Munir meninggal karena racun jenis arsenik yang ditemukan di kandungan darah, air seni, dan jantungnya, yang melebihi kadar normal.
Sudah 18 tahun berlalu, kasus kematian Munir belum menemui titik terang.
Peristiwa ini terjadi ketika Munir akan melakukan perjalanan ke Amsterdam, Belanda menggunakan pesawat untuk melanjutkan pendidikan.
Munir berangkat dari Jakarta pada Senin, 6 September 2004 pukul 21.55 WIB.
Baca juga: 18 Tahun Munir Dibunuh, Hendardi: Komnas HAM Pilih Jalur Aman, Jokowi Gagal Pahami Kasus Munir
Ia menaiki pesawat dengan nomor penerbangan GA-974 menuju ke Belanda.
Ketika hendak masuk ke kelas ekonomi, Munir bertemu dengan Pollycarpus, mantan pilot Garuda Indonesia yang hendak pergi ke Singapura, karena pesawat yang ditumpangi Munir akan transit di Bandara Changi, Singapura.
Percakapan keduanya berakhir dengan pertukarang tempat duduk.
Pollycarpus yang seharusnya berada di kelas bisnis dengan nomor kursi 3K, kemudian bertukar tempat duduk dengan Munir yang seharusnya berada di kelas ekonomi dengan nomor kursi 40G.
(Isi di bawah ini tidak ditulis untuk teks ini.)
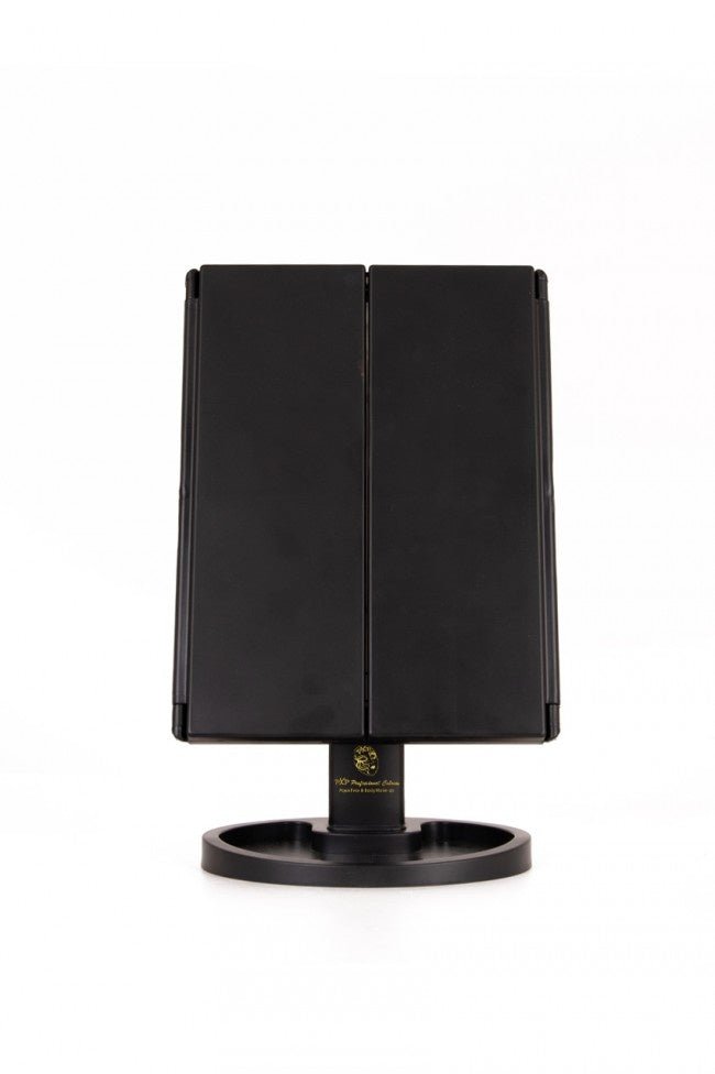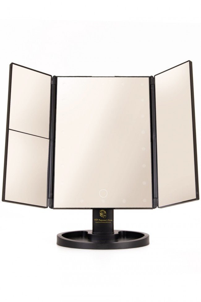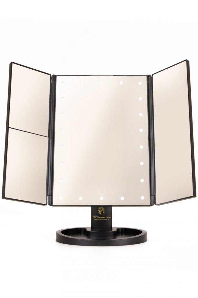Mit diesem beleuchteten Spiegel wird dein Make-up/Schminken von nun an immer richtig sein. Dieser Spiegel enthält eine LED-Beleuchtung, so dass dein Gesicht immer perfekt ausgeleuchtet ist und du kein Detail verpasst. Durch das dreiteilige Design ist der Spiegel faltbar und leicht zu transportieren. Die Beleuchtung wird mit 4 AAA-Batterien betrieben, so dass du den Spiegel überall hinstellen kannst, aber du kannst ihn auch an ein USB-Kabel anschließen. Abmessungen: - 35 cm x 28,5 cm x 11,5 cm Farben: - schwarz Material: - Kunststoff - Spiegel/Glas Led-Beleuchtung - 4x AAA-Batterie ( Excl ) - oder über USB-Anschluss ( Incl ) Verpackungsmaße: -29 cm x 19 cm x 7 cm Weitere Infos: - 180¡ Drehfunktion - Verwendung im Hoch- oder Querformat - 22 helle LED-Leuchten - 2- und 3-fache Vergrößerung - Praktische Ablage für Make-up etc.

Sebelum pesawat lepas landas, Munir mendapatkan welcome drink dari pramugari bernama Yeti yang berada di kelas bisnis.
Dari dua pilihan yaitu Wine dan jus jeruk, Munir memilih jus jeruk.
Sekitar 15 menit setelah pesawat tinggal landas, Yeti kembali menyajikan welcome drink kepada penumpang dengan pilihan yang lebih beragam.
Kedua kalinya, Munir memilih jus jeruk.
Selain itu, Yeti juga menawarkan makanan yang masih panas di atas nampan dan Munir memilih mi goreng.
Baca juga: Gelar Aksi Simbolik, KASUM Desak Lagi Komnas HAM untuk Tetapkan Kasus Munir Pelanggaran HAM Berat
Pesawat tersebut transit di Bandara Changi, Singapura pada pukul 00.40 waktu setempat.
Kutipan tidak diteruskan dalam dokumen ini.